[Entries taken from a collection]
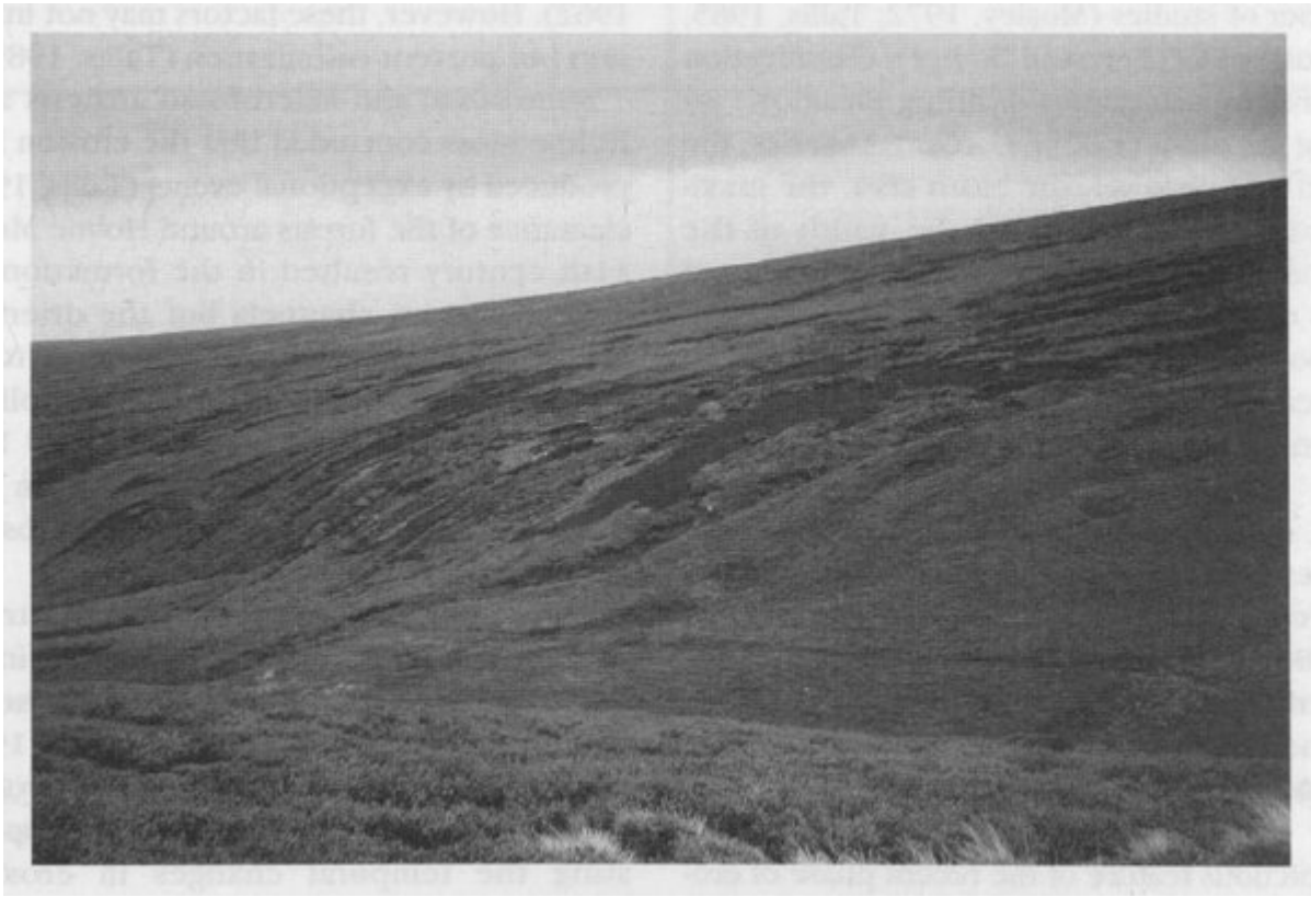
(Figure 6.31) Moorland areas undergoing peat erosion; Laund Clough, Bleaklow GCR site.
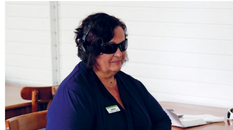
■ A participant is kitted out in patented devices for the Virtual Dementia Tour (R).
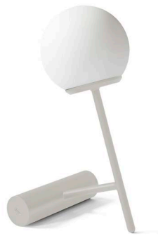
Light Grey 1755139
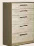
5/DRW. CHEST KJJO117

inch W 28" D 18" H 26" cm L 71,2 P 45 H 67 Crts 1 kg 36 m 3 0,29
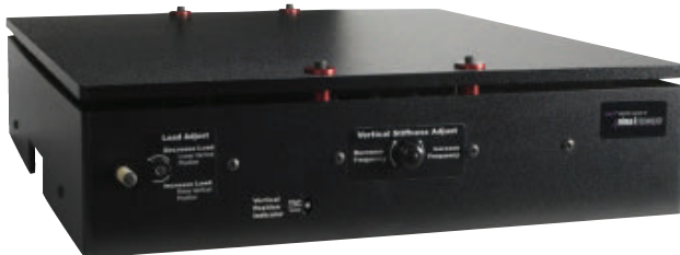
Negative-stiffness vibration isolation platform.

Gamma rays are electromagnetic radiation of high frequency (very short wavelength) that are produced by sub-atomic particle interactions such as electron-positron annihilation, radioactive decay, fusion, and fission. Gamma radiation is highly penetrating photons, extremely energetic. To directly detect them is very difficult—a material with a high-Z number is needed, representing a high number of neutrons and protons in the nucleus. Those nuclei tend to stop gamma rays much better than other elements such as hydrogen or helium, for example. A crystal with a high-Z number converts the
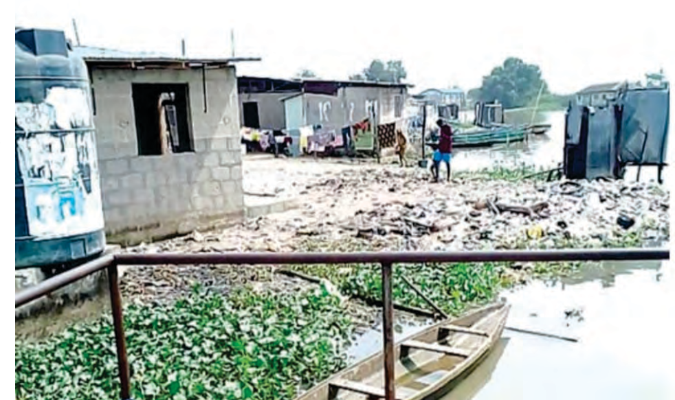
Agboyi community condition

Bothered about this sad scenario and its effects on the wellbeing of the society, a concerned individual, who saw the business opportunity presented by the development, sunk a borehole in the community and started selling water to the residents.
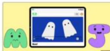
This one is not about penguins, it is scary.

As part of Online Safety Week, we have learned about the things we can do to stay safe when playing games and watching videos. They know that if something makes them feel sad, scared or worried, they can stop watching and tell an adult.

> _What the exercise asks_
Using the data above, retype exactly the lines from the line with "Gamma rays are" to the line with "This one is not about penguins, it is scary.", inclusive. No pictures and nothing else.

> _Solution for this task_
Gamma rays are electromagnetic radiation of high frequency (very short wavelength) that are produced by sub-atomic particle interactions such as electron-positron annihilation, radioactive decay, fusion, and fission. Gamma radiation is highly penetrating photons, extremely energetic. To directly detect them is very difficult—a material with a high-Z number is needed, representing a high number of neutrons and protons in the nucleus. Those nuclei tend to stop gamma rays much better than other elements such as hydrogen or helium, for example. A crystal with a high-Z number converts the
Agboyi community condition

Bothered about this sad scenario and its effects on the wellbeing of the society, a concerned individual, who saw the business opportunity presented by the development, sunk a borehole in the community and started selling water to the residents.
This one is not about penguins, it is scary.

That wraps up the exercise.